Later in 2001 AngloGold made a bid for Normandy. Seeing the potential for a better alternative transaction, Seymour and Pierre struck a deal with Newmont to acquire both Franco-Nevada and Normandy. When the transaction closed in 2002, Franco-Nevada was valued at close to US$3 billion.

The IPO: Franco-Nevada Corporation (FNV)

In 2007, Newmont made the decision to divest its portfolio of royalty assets. Pierre Lassonde, David Harquail and a small team led by management of the original Franco-Nevada, launched an initial public offering on the Toronto Stock Exchange and acquired the royalty portfolio from Newmont for US$1.2 billion. The offering remains the largest mining IPO completed in North America and was the birth of Franco-Nevada Corporation (FNV).

The performance of the portfolio of royalties acquired from Newmont has more than justified the price of the IPO. In the past 14 years, the IPO portfolio has paid out over US$1.8 billion in revenue. At the same time, the reserve ounces associated with those same properties has tripled. Key contributors, including Detour Lake and Tasiast, have once again proven the power of the royalty business model and the exploration optionality of being exposed to great geology.

Streaming: The New Engine of Growth

With an increase in energy prices, oil and gas made up more than 40% of Franco-Nevada’s revenues in 2008. We set out to add gold revenue adding royalties on Newmont's Gold Quarry operation in Nevada and Subika mine in Ghana. At the end of 2008, in the depth of the financial crisis, we entered into our first gold streaming agreement with Coeur Mining. The financing assisted Coeur Mining to complete the construction of the Palmarejo mine in Mexico. As Franco-Nevada’s revenues became more weighted to precious metals, its share price was rerated upwards.

In 2012, we made a US$1 billion gold and silver streaming commitment to support Inmet's construction of the giant Cobre Panama project.

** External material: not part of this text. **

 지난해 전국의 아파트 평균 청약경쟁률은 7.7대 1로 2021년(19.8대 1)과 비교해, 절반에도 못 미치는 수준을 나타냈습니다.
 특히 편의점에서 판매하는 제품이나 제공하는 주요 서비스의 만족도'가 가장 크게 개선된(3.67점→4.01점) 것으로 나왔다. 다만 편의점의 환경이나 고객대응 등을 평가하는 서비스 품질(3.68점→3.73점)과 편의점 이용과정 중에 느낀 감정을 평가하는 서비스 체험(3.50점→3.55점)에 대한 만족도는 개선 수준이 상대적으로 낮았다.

A few years later the commitment was expanded to US$1.4 billion with the development of Cobre Panama then in the hands of First Quantum. First Quantum expanded the size of the planned mine and demonstrated its industry-leading project development skill bringing the asset to production in 2019. Cobre Panama is a cornerstone asset for Franco-Nevada today and First Quantum’s plans to expand the mine will be our major growth driver through 2023.

Our Unique Approach

In our view, there is enough cyclicality in the commodity sector without adding leverage and there is option value to having liquidity to do deals when others cannot. Our conservative balance sheet approach was vindicated with the commodity downturn of 2014-2016. It forced even the largest global mining companies to repair their balance sheets. We were able to invest US$1.8 billion in those years creating precious metals streams at Candelaria, Antamina and Antapaccay. These large assets, along with Cobre Panama, have further diversified our portfolio with longer duration assets than can be typically found in the gold industry.

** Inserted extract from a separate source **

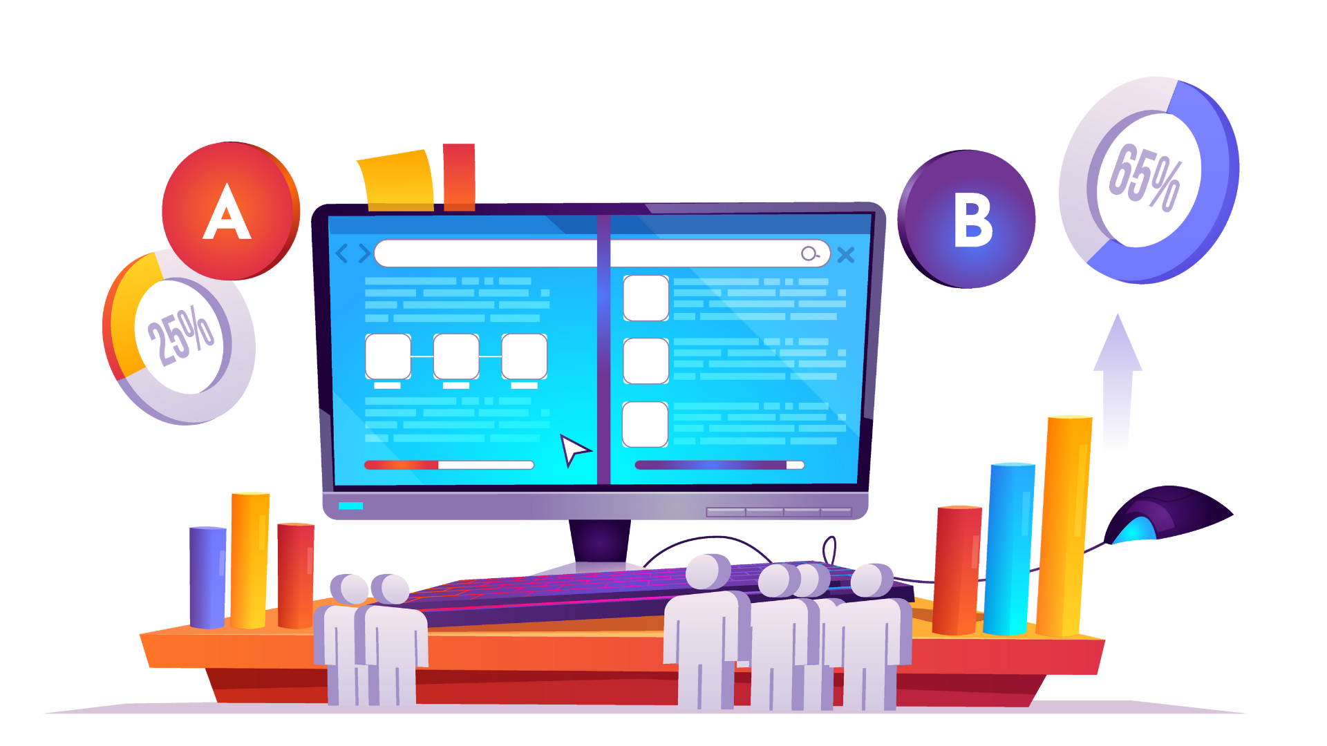 To conduct an A/B test, start by identifying the element or elements you want to test. This might include the headline, the call-to-action (CTA) copy, images, or other design elements.

We have not forgotten our roots and continue to also invest in smaller development-stage assets. It takes a long-term perspective to plant these acorns for Franco-Nevada’s future. Our total mining asset count has grown from 190 at IPO to 322 today including exploration assets on some of the world’s best gold belts and royalties on a suite of copper and nickel development projects.

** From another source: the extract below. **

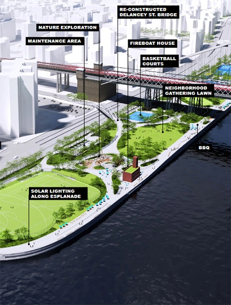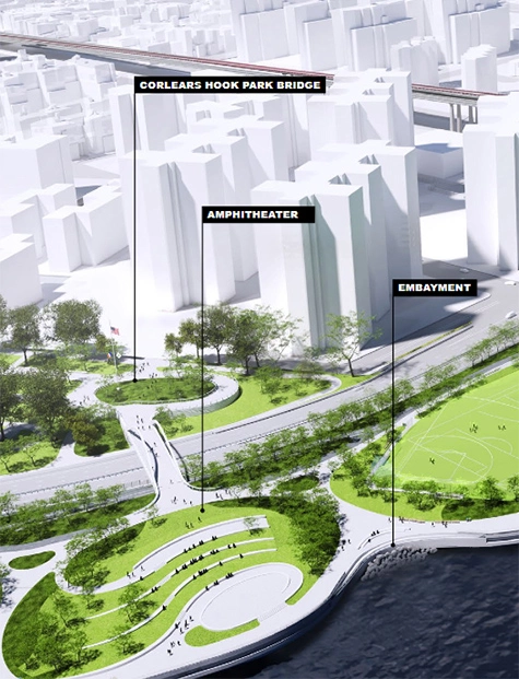 Green infrastructure will be incorporated throughout to manage stormwater coming in from the city and FDR Drive. To accommodate major storm events, the park will also include a cistern with a 40-million gallon capacity. "This is for the super storm that happens once every 50 years."

We have also invested in recourses outside of precious metals when good opportunities have come to market. This has added cash flow growth and exposure to the exploration upside on a broader range of world-class resources. With oil prices falling sharply in 2014, we set about adding to our oil and gas royalty interests, particularly in the major U.S. basins including the Permian and the Marcellus. We have also been attracted to the long reserve life of high-quality iron ore deposits and, in 2021, added royalty exposure to Vale’s Northern and Southeastern Iron Ore systems in Brazil.

In Search of Good Geology

We believe the depth of our portfolio gives us the latitude to patiently search for exposure to good geology. Our desire is to build the most diverse portfolio of royalties and streams exposed to precious metal prices, but also to exploration success across the world’s greatest mineral belts. Our prospects to put more capital to work in the capital intensive and cyclical resource sector have never been better.